[Extracted data entries]
-----
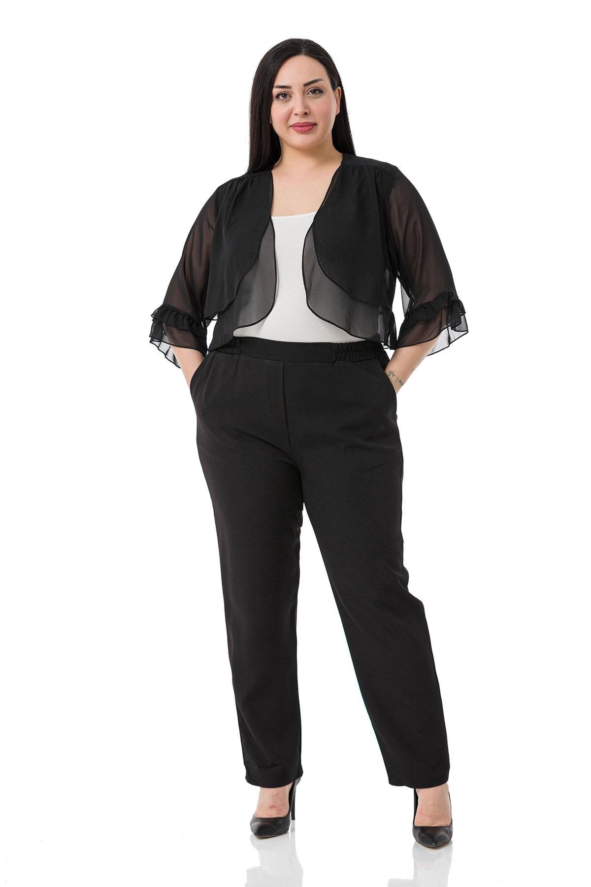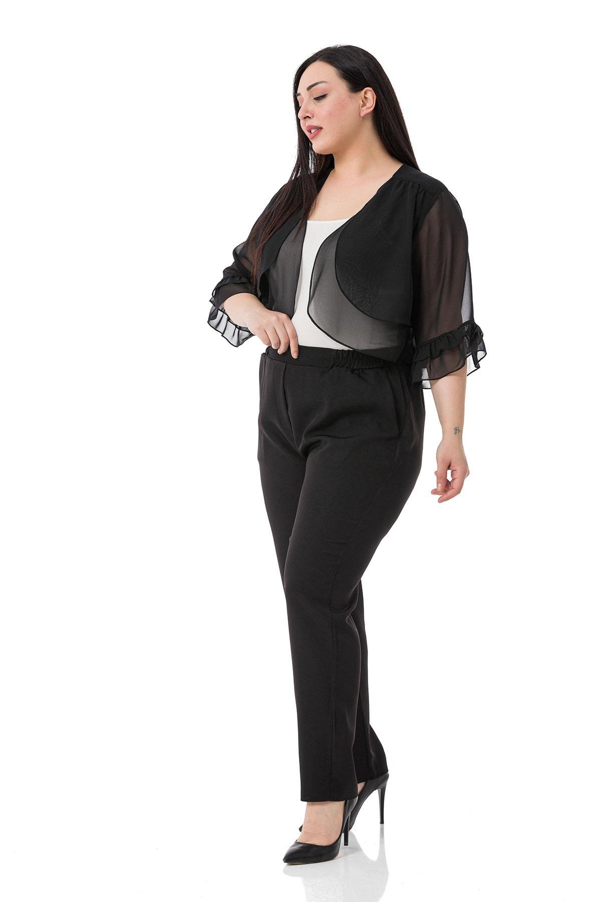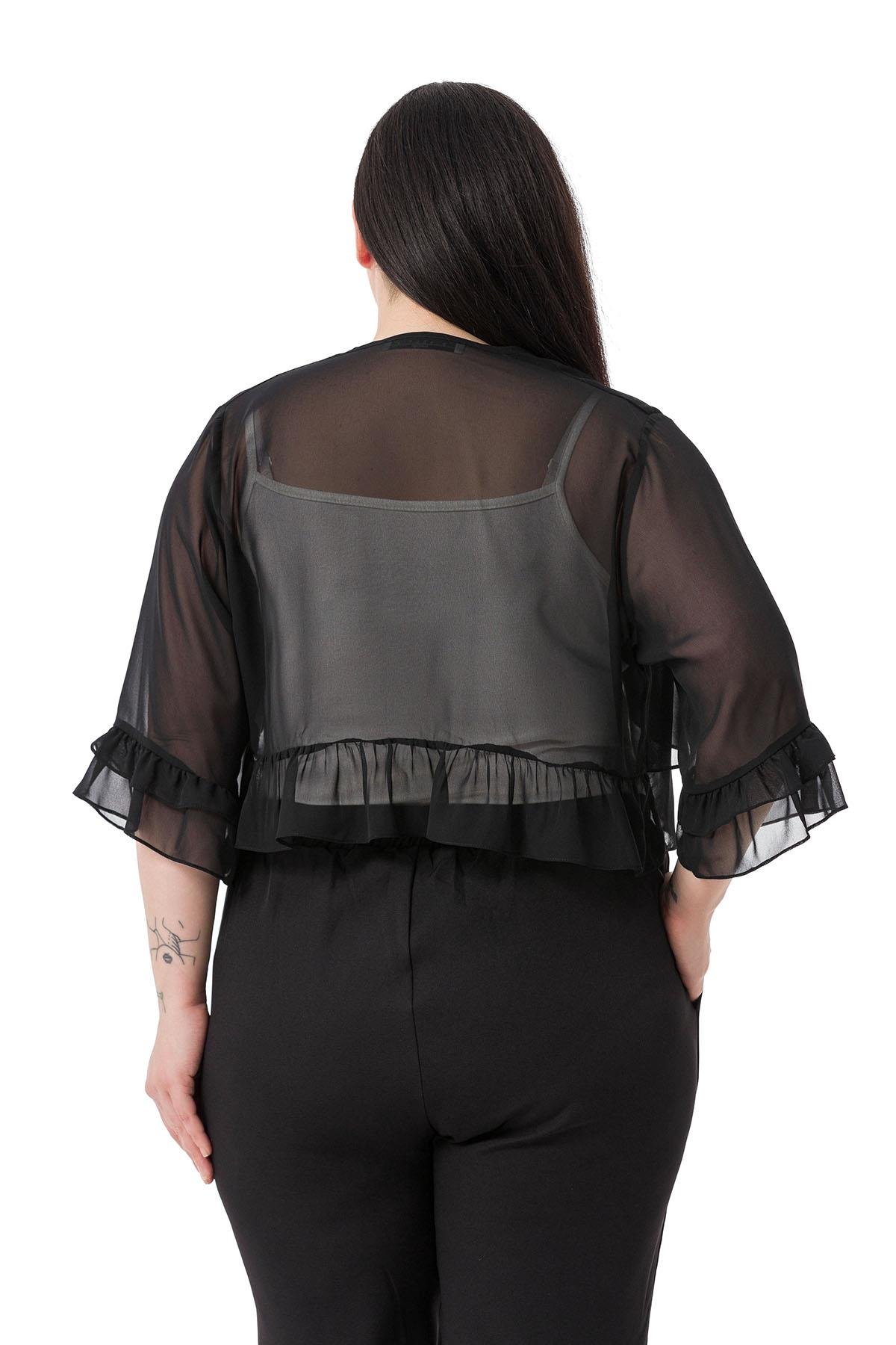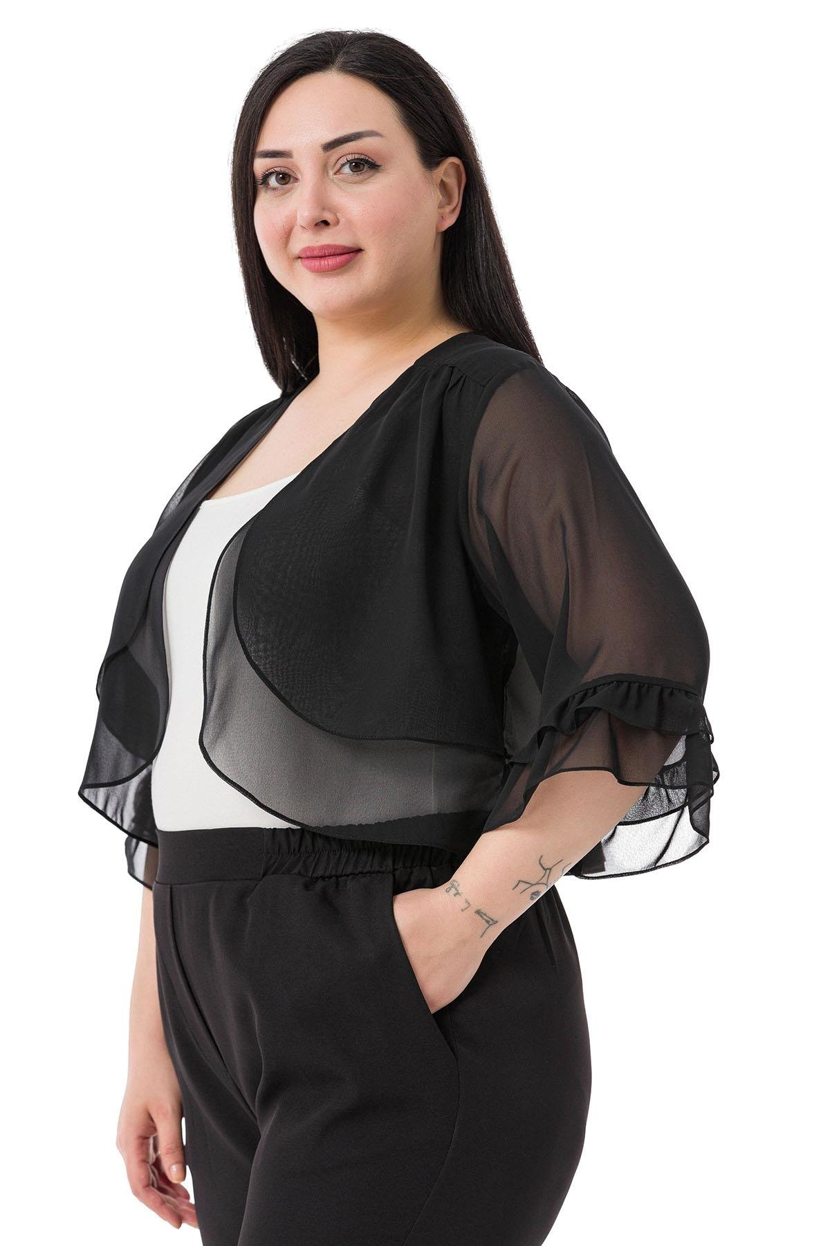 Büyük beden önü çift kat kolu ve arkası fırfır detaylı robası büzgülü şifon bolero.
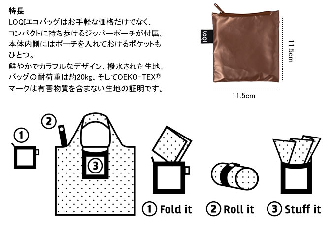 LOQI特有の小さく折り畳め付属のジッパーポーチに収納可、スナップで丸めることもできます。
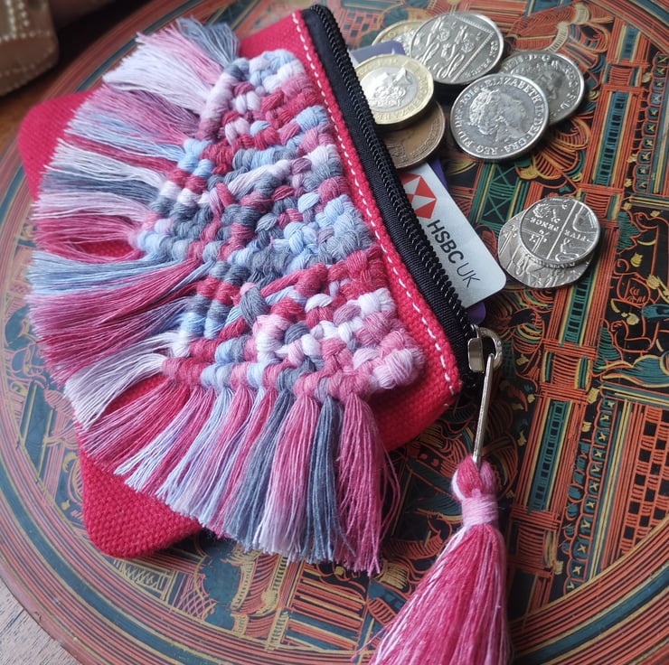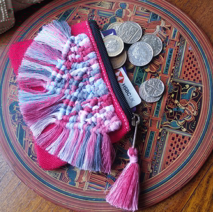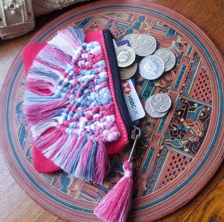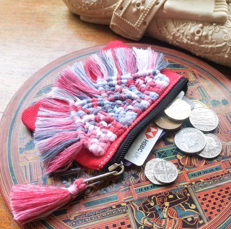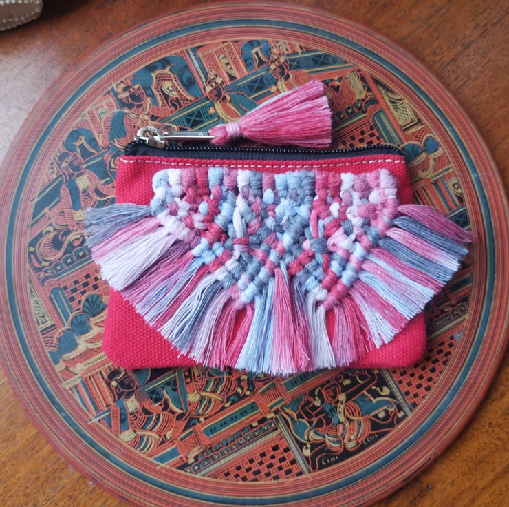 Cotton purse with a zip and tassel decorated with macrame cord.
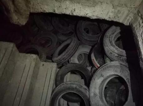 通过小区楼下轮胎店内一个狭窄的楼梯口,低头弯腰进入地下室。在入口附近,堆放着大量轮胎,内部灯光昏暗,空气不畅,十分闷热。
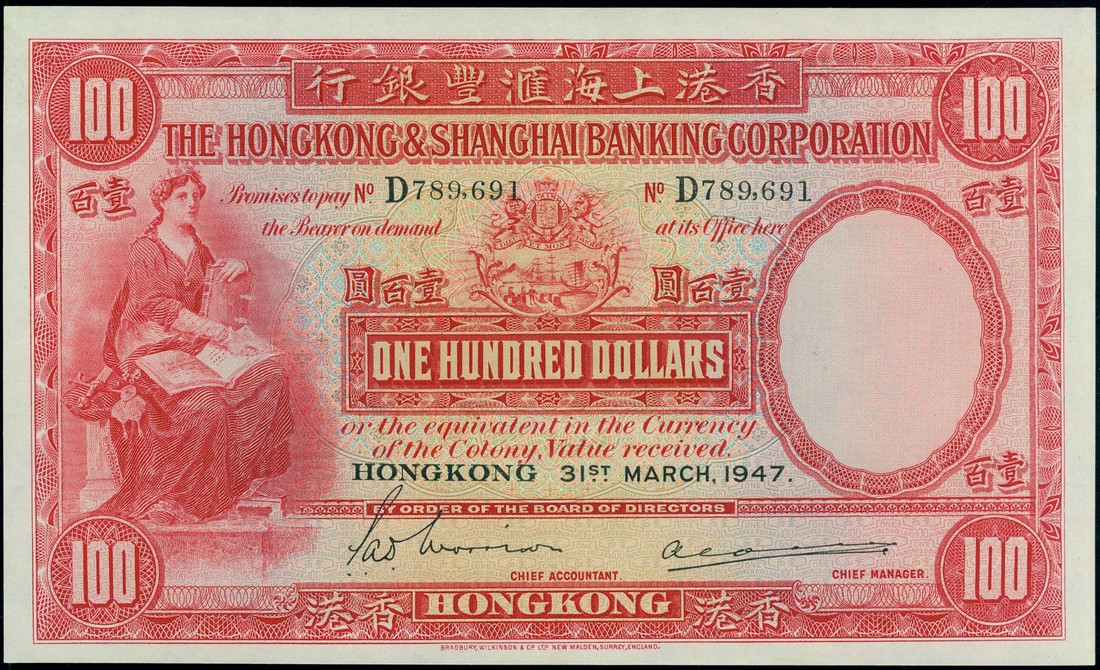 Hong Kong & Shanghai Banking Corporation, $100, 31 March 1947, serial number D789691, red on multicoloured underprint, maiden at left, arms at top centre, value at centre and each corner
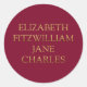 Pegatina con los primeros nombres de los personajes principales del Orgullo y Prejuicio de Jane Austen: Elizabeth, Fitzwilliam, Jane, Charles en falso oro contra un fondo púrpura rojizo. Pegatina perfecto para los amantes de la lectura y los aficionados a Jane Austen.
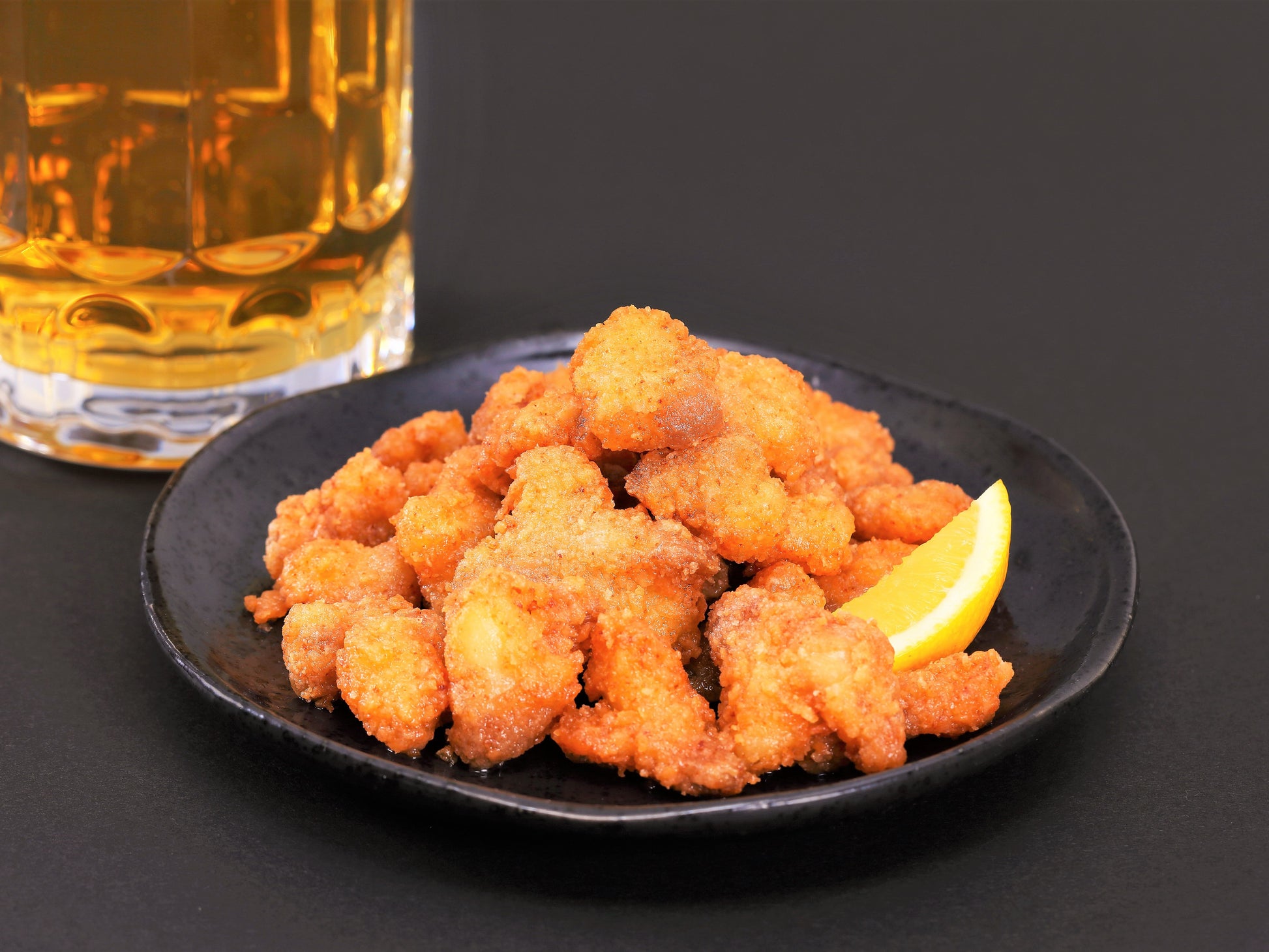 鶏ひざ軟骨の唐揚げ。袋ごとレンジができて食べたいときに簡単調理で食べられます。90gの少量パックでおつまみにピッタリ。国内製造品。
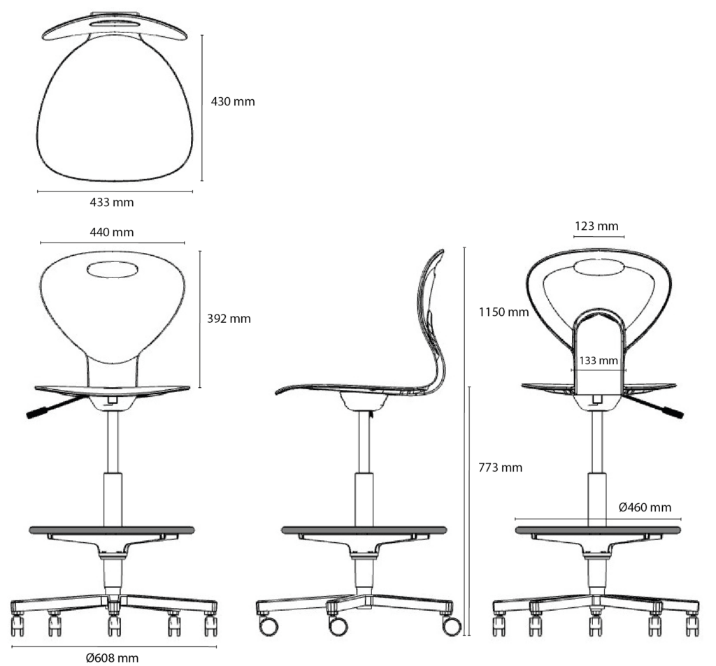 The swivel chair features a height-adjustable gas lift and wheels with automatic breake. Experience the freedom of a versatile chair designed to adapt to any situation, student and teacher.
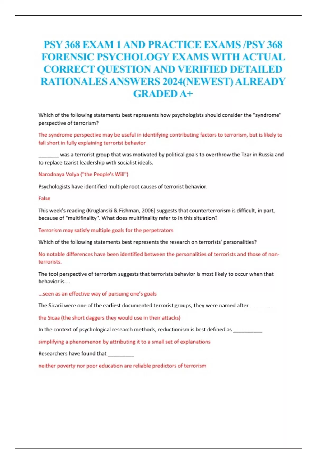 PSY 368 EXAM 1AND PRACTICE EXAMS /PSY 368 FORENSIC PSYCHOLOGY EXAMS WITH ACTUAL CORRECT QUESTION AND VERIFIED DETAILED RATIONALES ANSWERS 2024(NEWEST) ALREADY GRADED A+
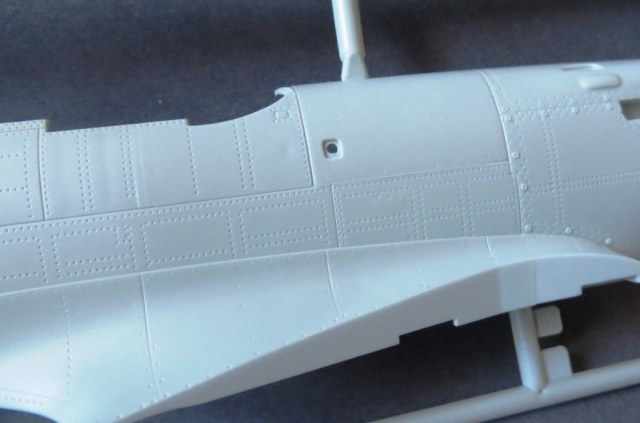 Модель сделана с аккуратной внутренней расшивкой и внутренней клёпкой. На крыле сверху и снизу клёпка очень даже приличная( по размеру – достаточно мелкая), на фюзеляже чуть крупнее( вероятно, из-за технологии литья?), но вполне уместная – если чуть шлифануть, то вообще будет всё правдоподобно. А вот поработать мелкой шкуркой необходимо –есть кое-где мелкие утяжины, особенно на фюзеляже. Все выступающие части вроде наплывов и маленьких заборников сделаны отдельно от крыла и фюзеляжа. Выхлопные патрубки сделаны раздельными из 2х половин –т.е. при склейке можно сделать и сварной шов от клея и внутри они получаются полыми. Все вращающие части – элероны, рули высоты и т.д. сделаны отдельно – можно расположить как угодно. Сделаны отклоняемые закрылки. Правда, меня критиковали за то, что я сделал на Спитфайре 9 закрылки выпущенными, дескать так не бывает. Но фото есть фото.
-----
*TASK DETAILS*:
Using the data above, output the line that has "LOQI特有の小さく折り畳め", the line that has "通过小区楼下轮胎店内一个狭窄", and whatever lines fall between, each exactly as it stands and without pictures.

*SOLVED EXERCISE*:
 LOQI特有の小さく折り畳め付属のジッパーポーチに収納可、スナップで丸めることもできます。
 Cotton purse with a zip and tassel decorated with macrame cord.
 通过小区楼下轮胎店内一个狭窄的楼梯口,低头弯腰进入地下室。在入口附近,堆放着大量轮胎,内部灯光昏暗,空气不畅,十分闷热。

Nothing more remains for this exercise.